As novas sanções impedem o acesso de 11 pessoas e entidades ligadas ao programa de mísseis da república islâmica ao sistema financeiro dos EUA.

Em outubro de 2015, o Irã testou um míssil balístico guiado de longo alcance e alta precisão capaz de levar carga nuclear, violando determinação da ONU.

Ontem, os EUA e a União Europeia iniciaram a suspensão gradual das sanções aplicadas contra o programa nuclear iraniano com base em acordo firmado em julho passado pelas grandes potências da ONU, a Alemanha e o Irã.

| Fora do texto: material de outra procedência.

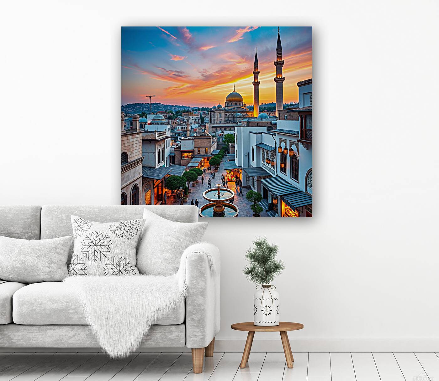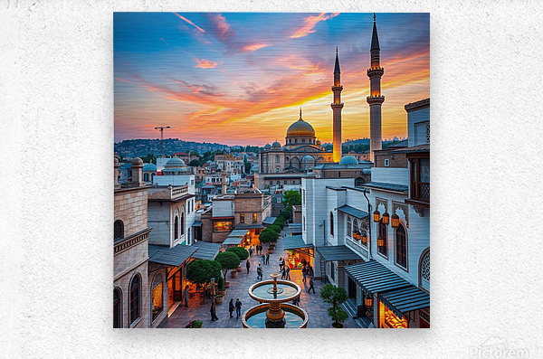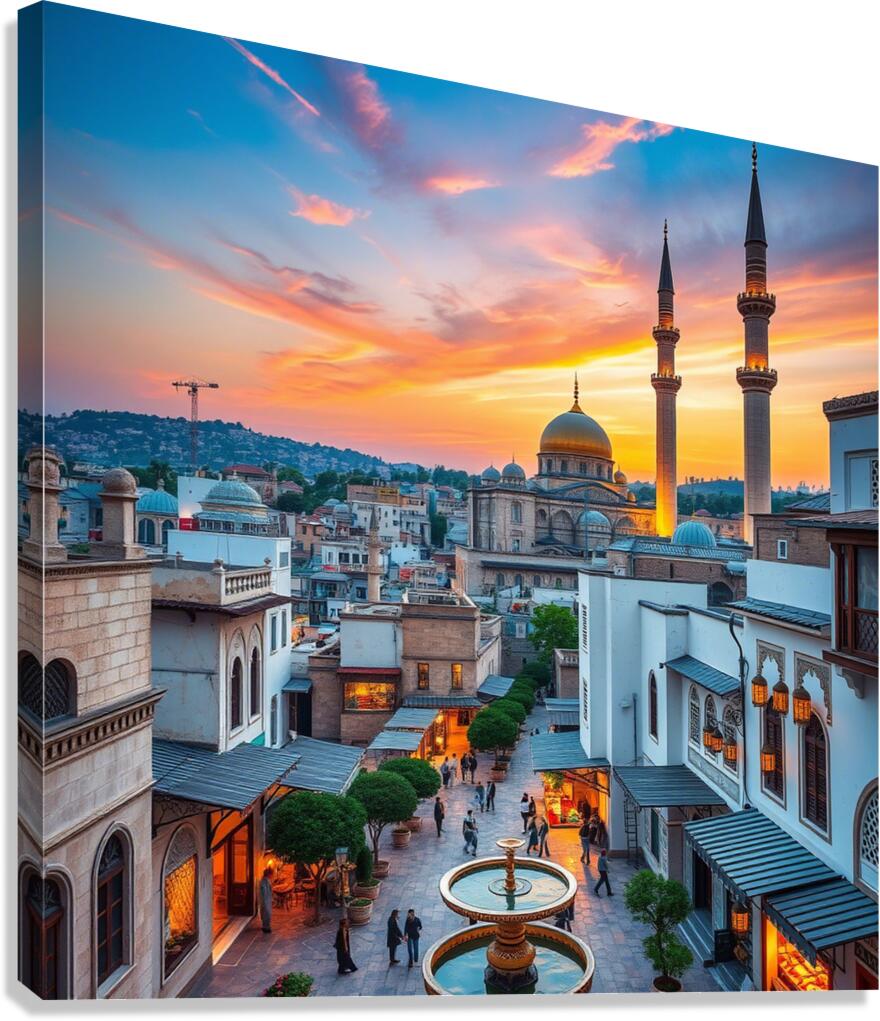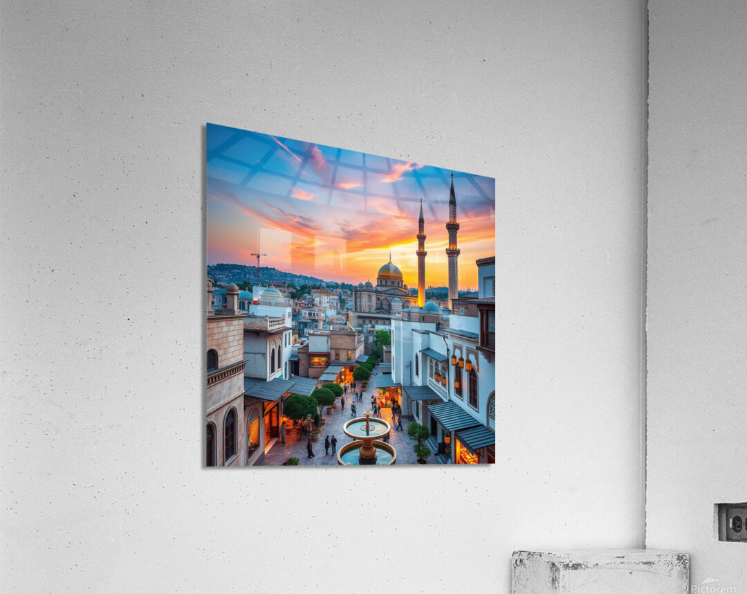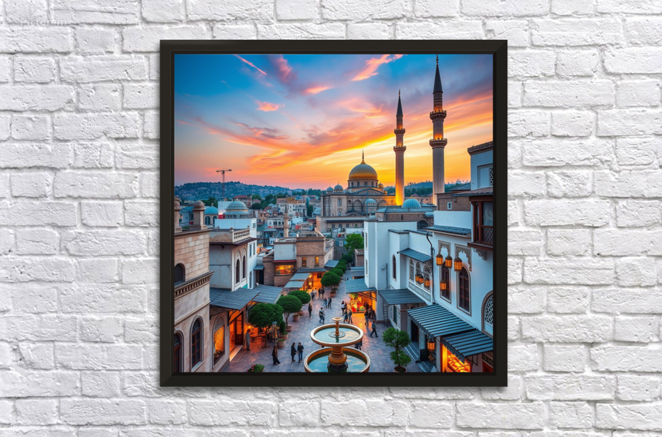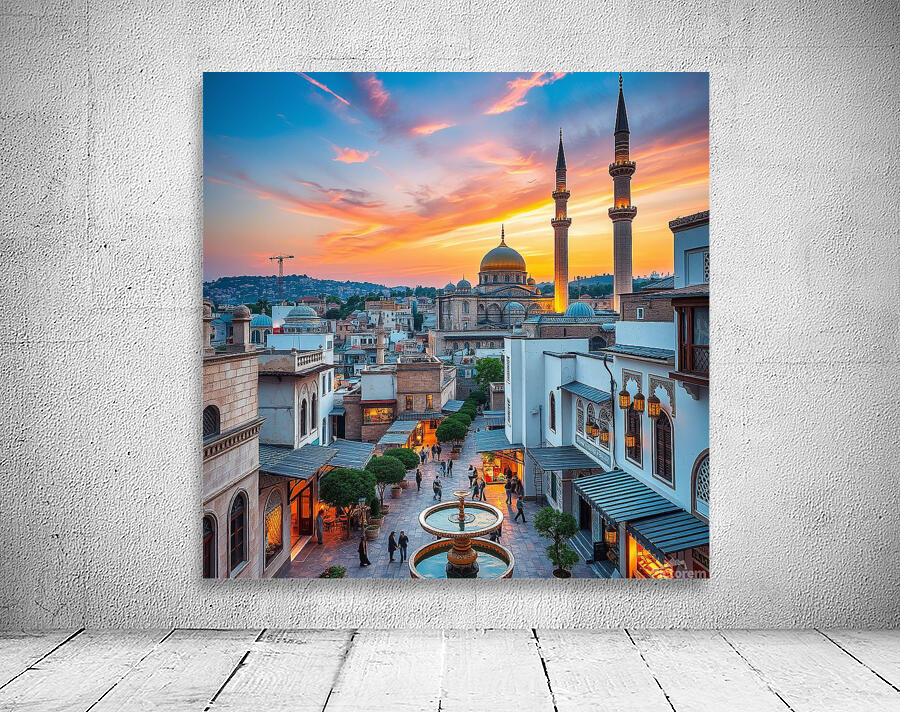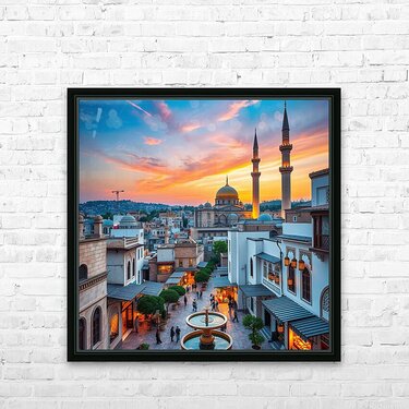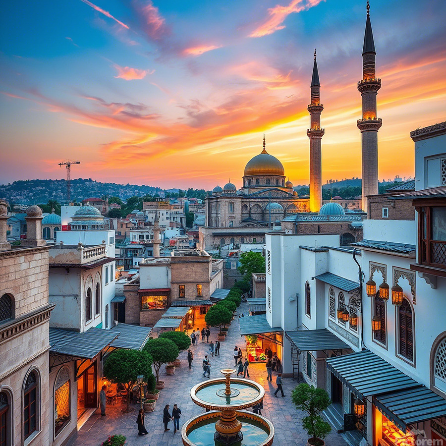 This captivating image showcases a beautiful cityscape at sunset, featuring a prominent mosque with a golden dome and towering minarets. The warm glow of the setting sun bathes the city in a golden light, creating a mesmerizing spectacle. The mosque's intricate architecture and the surrounding buildings blend seamlessly, showcasing a harmonious mix of traditional and modern elements. People can be seen strolling around the square, adding a touch of life and activity to the scene. The overall composition evokes a sense of peace, tranquility, and the rich cultural heritage of the city

Ao celebrar a implementação do acordo nuclear como uma medida para evitar uma guerra no Oriente Médio, o presidente Barack Obama declarou que serão mantidas sanções pelo desenvolvimento da tecnologia de mísseis e por causa de apoio ao terrorismo e violações dos direitos humanos no Irã. Mas as novas sanções são mais cosméticas para dar uma satisfação à oposição republicana e aos aliados dos EUA contrários ao acordo, como Arábia Saudita e Israel.

terça-feira, 22 de maio de 2012

Coreia do Sul gasta US$ 2,14 bilhões em mísseis

Diante da ameaça dos mísseis balísticos da Coreia do Norte, a Coreia do Sul vai comprar nos próximos cinco centenas de mísseis, no valor total de US$ 2,14 bilhões, revelou hoje a imprensa sul-coreana.

Uma avaliação feita na Coreia do Sul concluiu que o atual sistema de defesa não é eficaz contra a ameaça norte-coreano, reporta o jornal francês Le Monde.